Calling time on fake gin
How bizarre. While brewers unfetteredly revolutionise consumers’ understanding of what is a beer by launching weird concoctions, the UK’s gin distillers go the other way and worry about what is gin – and how can they protect it. Spearheading the conservative campaign is the London gin distillery Hayman’s, a family-owned distillery (since 1862) which is located in Balham, South London.

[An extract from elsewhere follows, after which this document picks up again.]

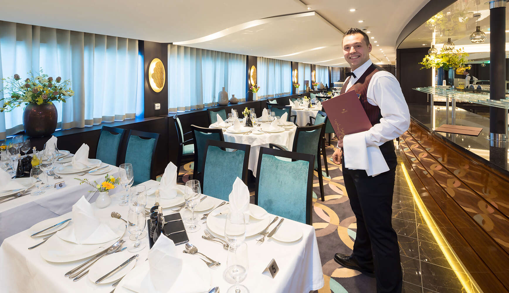 AmaWaterways award-winning AmaSonata sings her melodious tune down Europe’s great rivers. Most accommodations have twin balconies, so you can enjoy the ever-changing scenery however you wish, along with amenities like Entertainment-On-Demand, high-speed Internet access and English-language TV stations. A soft color palette in each stateroom calms the mind for relaxation, but when you’re ready to get active, head to the fitness center or up to the Sun Deck to the heated pool. Crisp white tablecloths and napkins grace the tables in the subdued Main Dining Room, while The Chef’s Table specialty restaurant highlights its 5-star multi-course cuisine with gold-hued tones and a twinkling overhead centerpiece. With a stunning Main Lounge, tranquil library, sun-deck walking track, massage and hair salon, and gift shop, you’ll never find a dull moment—and will sing AmaSonata’s praises while sailing on board.

The decade-long boom in gin labels – there are well over 600 UK gin brands and around 190 gin distilleries, says the UK’s Gin Council – has led to a renaissance of interest and a huge variety of new gins for consumers to explore and enjoy. As says Hayman’s, “the vast majority of these gins have added something new and exciting to the category whilst maintaining the predominant juniper character that separates gin from other spirit drinks.” However, “recently we have started to see some producers marketing gins that have little or no evident connection to juniper. Gins with only trace notes of juniper – or a juniper character that is overshadowed by other more dominant flavourings, often added after distillation. While botanical innovation and experimentation has long been linked to gin’s success, we believe that a small number of producers are today creating spirits that have strayed too far from what makes gin 'gin'.”
These non-traditional gins, as they are usually called, have the law on their side as regulations are fairly lax the world over. In the EU, they only specify that gin “is a juniper flavoured spirit” and that “the taste is predominantly that of juniper”. Well, what is the exact meaning of “predominantly”? And, hey, does it really matter if a spirit labelled as gin only has fragrant juniper notes, if it tastes good and people like it?

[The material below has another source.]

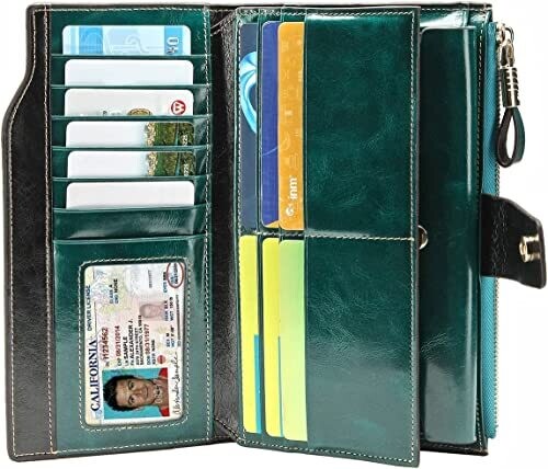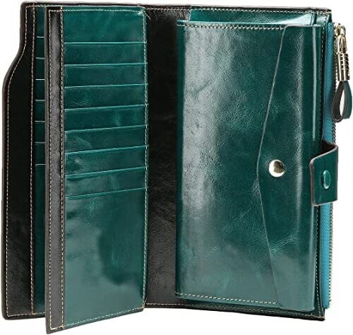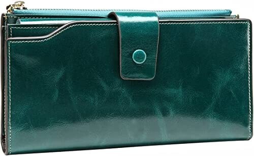 Premium wax leather clutch wallet that blocks RFID signals to protect cards and IDs. It offers large capacity, smart organizing for cards, cash, coins, and phone, in a sleek green purse—an ideal daily companion and thoughtful gift.
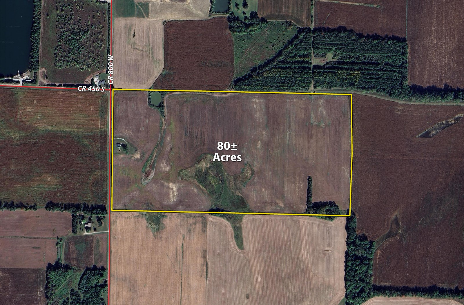 80 Acres+/- with approximately 77 tillable acres, predominant soils are Henshaw and Montgomery with some Rensselaer. There is a single-story frame home with 1136 square feet of living area, the home has a living room, 2 bedrooms, full bath and kitchen with built-in cabinets and appliances. There is a full basement and enclosed wrap around porch. The home is heated with a fuel oil furnace and has central air conditioning.

Hayman’s and possibly other gin distillers, think otherwise. To call attention to their concerns, in April 2018 Hayman’s launched a campaign to “Call Time On Fake Gin”. “Fake” gin? The wording alludes to illicit alcohol or even forfeited stuff. This was probably intentional. It has allowed Hayman’s to set up a grass roots movement, which will meet in London at their distillery on 6 September 2018 for a series of Gin Debates. The topic of the first debate is: “What is gin – and how can we protect it?”
Like in craft beer, there seems to be broad agreement that the product needs to be better protected but it is also evident that there are many differing views on the forms that such protection should take.
Fortunately, Australian gin distillers are unfazed by developments in the UK. As reports our correspondent John Harvey, more local and “non-traditional” gins are reaching the market. One of the latest is 78° Sunset Gin from Adelaide Hills Distillery, a pink gin inspired by Adelaide sunsets. Flavoured with bush apple, juniper, rosella and strawberry gum, it retails at AUD 74.99 (USD 60) per 700 ml bottle.
On another note (and back in the UK), the well-known beer industry figures Dr Christopher Smart and his wife Prof Katherine Smart, who was formerly Chief Brewer at SABMiller, have recently established their Surrey Copper Distillery in Shere, a village southwest of London. Their first product, Copperfield, is a gin based on a recipe first published in 1757. Its name comes from the Charles Dickens novel, not the magician.
Gins of that era contained botanicals such as angelica, caraway, cardamom, coriander, cubeb berries, elder flower, juniper, lemon peel and orris root. The new 45 per cent ABV Copperfield has been developed as a “sipping gin” to be enjoyed undiluted over ice but reportedly it also mixes well with premium tonic water. A 700 ml bottle retails for GBP 41.95 (USD 56).